Если концерт удачный, то в какой-то момент публика замирает, и ты ощущаешь свою полную власть над ней. Ради таких мгновений и живут исполнители. Это случается редко, благодаря счастливому стечению обстоятельств, в отдельных операх, или не случается вовсе. Если зрители, все как один, сосредоточены на том, что слышат, я ощущаю небывалую признательность. Значит, мне удалось их тронуть, и теперь я могу полностью расслабиться и дать волю воображению. Именно ради этого чувства свободы я потратила столько лет на совершенствование вокальной техники. Свобода означает, что я могу петь спонтанно. Я могу держать ноту дольше, спеть ее тише или громче, попробовать messa di voce или декрещендо. Я вольна повернуть фразу, как мне вздумается, или сделать акцент на определенном слове. В такие моменты балом правит фантазия, а уверенности придают воспоминания о часах самодисциплины, тяжелой работы над каждой нотой и оттачивания малейших нюансов. Чем лучше я владею техникой, тем больше могу доверять своему голосу, а чем больше я полагаюсь на свой голос, тем больше готова рисковать. Порой я вспоминаю какое-нибудь выступление и думаю: как же мне это удалось? Как мне только в голову могло прийти, что я смогу держать ту ноту так долго, или спеть ту фразу так тихо, или не дышать дольше положенного? Просто на меня снизошло вдохновение, но оно эфемерно, и следующее представление никогда не повторит предыдущее.
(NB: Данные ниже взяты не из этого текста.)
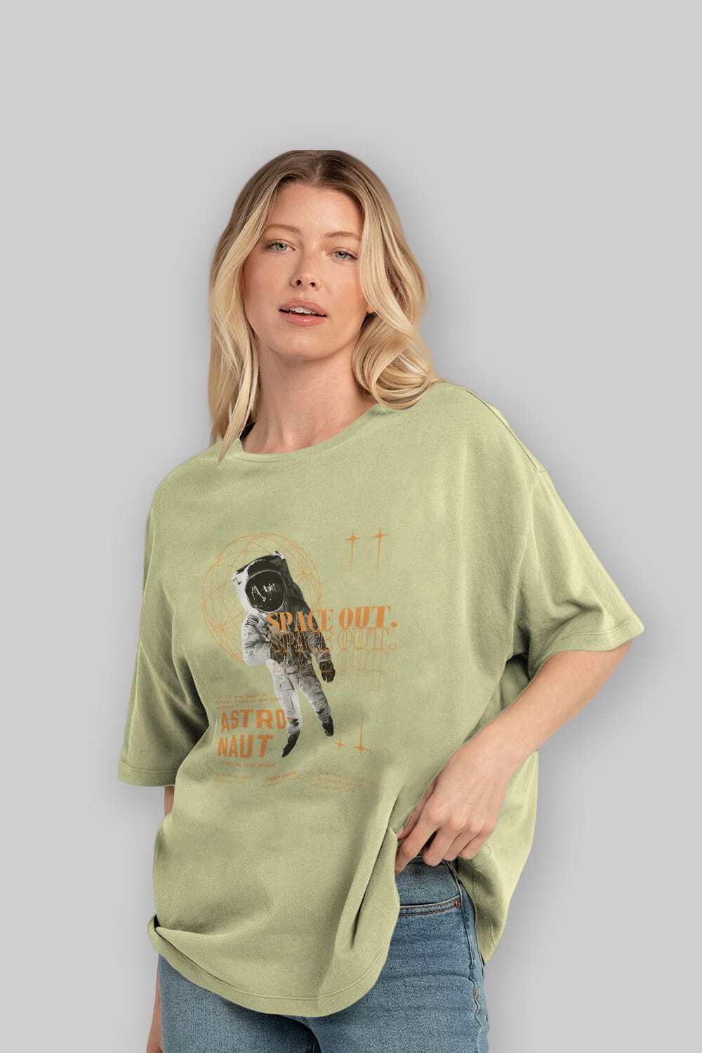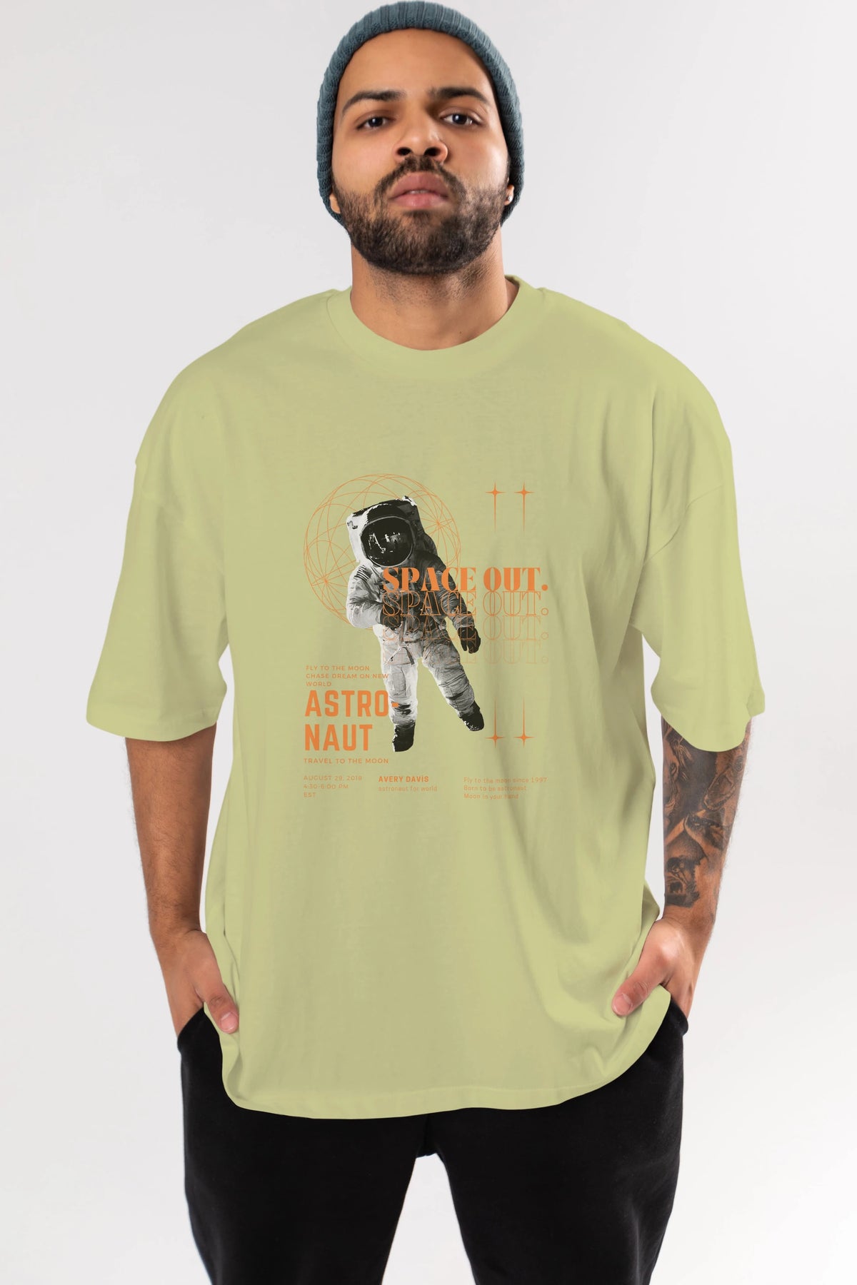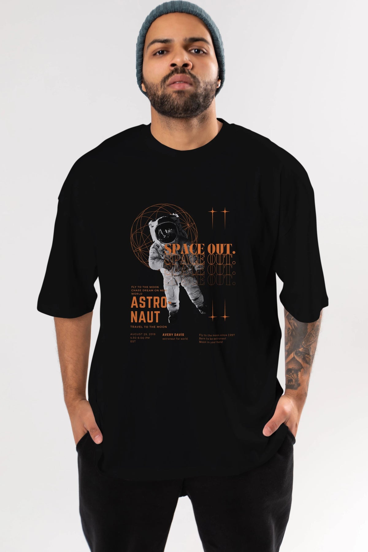 Astronaut Space Out Yazılı Ön Baskılı Oversize t-shirt Erkek Kadın Unisex

Когда я гастролирую с концертами, декорации меняются каждый вечер: город, зал, публика, фортепиано — все разное. Как я себя чувствую, как я спала, сколько времени я репетировала, хороши ли оркестр и дирижер — любая деталь может сказаться на выступлении. Во время камерных концертов мое пение меняется в зависимости от того, поднята или опущена крышка рояля. Порой сталкиваешься с чересчур резким звучанием фортепиано, тогда приходится немного сильнее напрягать голос. Если повезет, мы сразу выявляем проблему и настраиваем инструмент. Но акустика пустого зала сильно отличается от акустики полного. Даже несмотря на весь свой опыт, я могу решить, что плохо пою, в то время как просто акустика зала ухудшилась с появлением публики. А иногда акустика слишком «живая», и я вынуждена петь в странно-высоком резонансе, это даже хуже, чем плохая акустика. Очень звучные, живые акустические звуки со временем грубеют, и я начинаю напрягаться. Чувствуя дискомфорт, я мысленно проверяю: все ли в порядке? Не в кондиционере ли дело? Не дует ли он мне прямо в лицо, пересушивая горло? Волнуюсь ли я, и если да, то почему? Зажата ли где-то мышца?
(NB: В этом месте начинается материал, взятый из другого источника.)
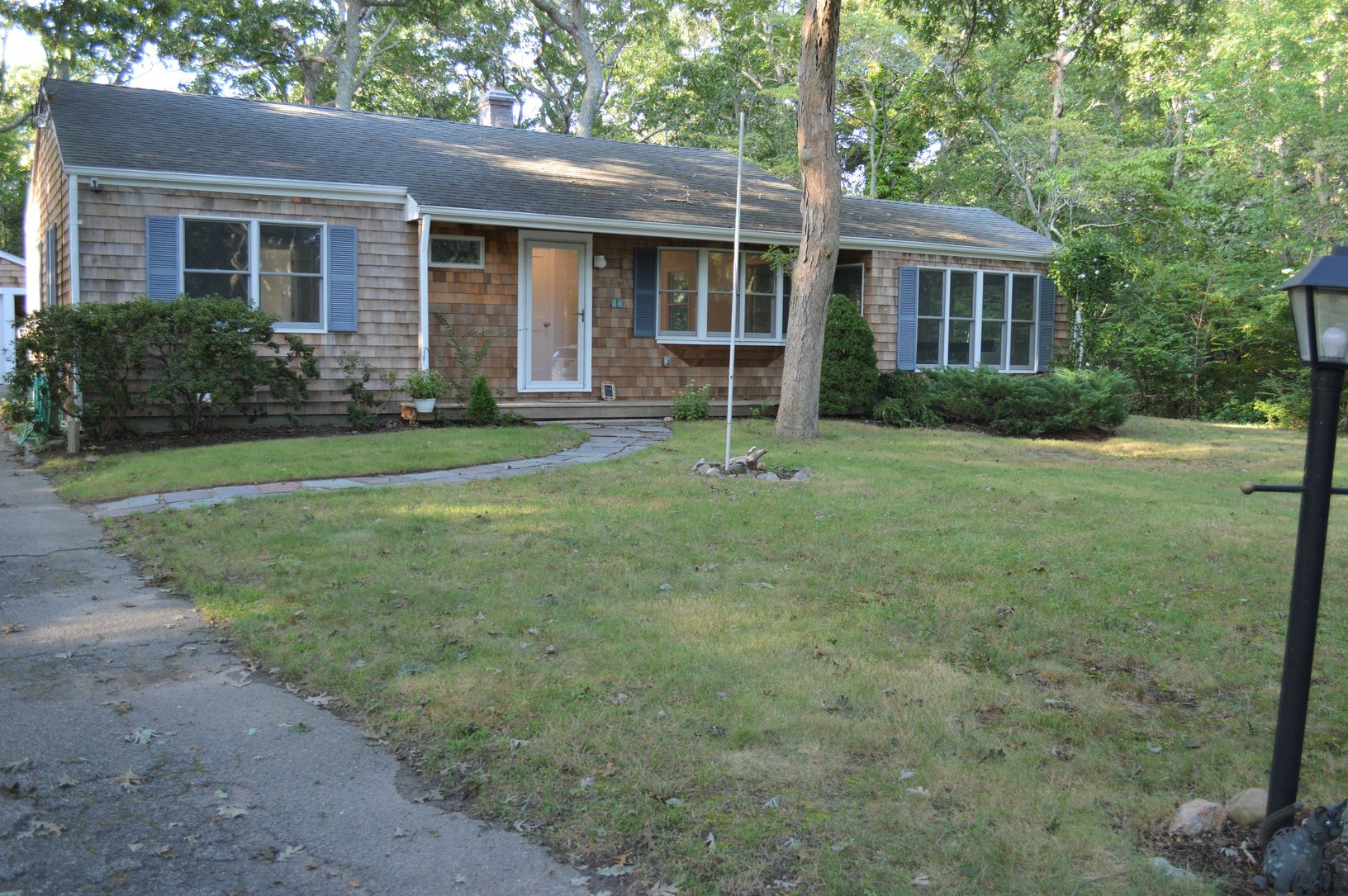 Beautiful street, totally renovated ranch with hardwood floors, new kitchen with stainless appliances, marble countertops, living room, new bath, two bedrooms, front porch, back deck, full clean basement with bilco's to backyard , new HVAC system, detached garage, gorgeous piece of property - 1/2 acre+. Beautiful bay beach down the street, close to ocean and town.

Я должна учитывать не только внешние условия, но и внимательно следить за малейшими изменениями голоса. Следует помнить, что усталость, нагрузка и вредные привычки могут испортить его за одну ночь, а то и в один миг. Если повезет и хватит времени, я медленно разминаюсь и повторяю фрагменты, смутившие меня накануне. В большинстве случаев удается найти решение проблемы. Как будто мой голос — пузырек воздуха внутри ватерпаса, и я должна чуть наклонять его то в одну сторону (если пузырек улетает слишком вправо), то в другую (если я перестаралась и он улетел влево), пытаясь отыскать баланс, попасть точно в яблочко.

Попробую объяснить, что я имею в виду под уходом за голосом, на примере недавнего концерта в Германии, где у меня возникли сложности с двумя верхними си-бекарами в арии из «Манон». Неожиданно, ни с того ни с сего они утратили свое нормальное звучание и как-то вдруг превратились в чистый головной голос. На следующий день я вынуждена была немного придержать их и попытаться найти баланс между головными и грудными резонаторами. Поскольку высокие ноты всегда давались мне тяжело, даже сейчас я вынуждена постоянно следить за тем, чтобы в моем пении не проскальзывал страх. Как только я начинаю представлять, что неудачно беру ноту, вероятность оплошности возрастает в сотни раз. Если накануне произошла неприятность, я буду в любом случае напряжена, даже если все идет хорошо, и с этим приходится считаться. В том конкретном случае я постаралась отыскать причину вчерашней неудачи: оказалось, все дело в слегка неправильном положении головы. Пропев в гримерной фразу перед зеркалом, как много лет назад посоветовал мне Убальдо Гардини во время моего первого исполнения партии Мюзетты, я поймала себя на том, что непроизвольно продолжаю повторять ошибку. Отвернувшись от зеркала и пропев ту же самую фразу еще раз, я заметила, что у меня немного приподнят подбородок, и подумала: «Вот в чем дело». Накануне меня, видимо, смутило освещение, и я вздернула подбородок на полдюйма выше положенного. Только благодаря ежедневной работе над техникой удается сохранить голос.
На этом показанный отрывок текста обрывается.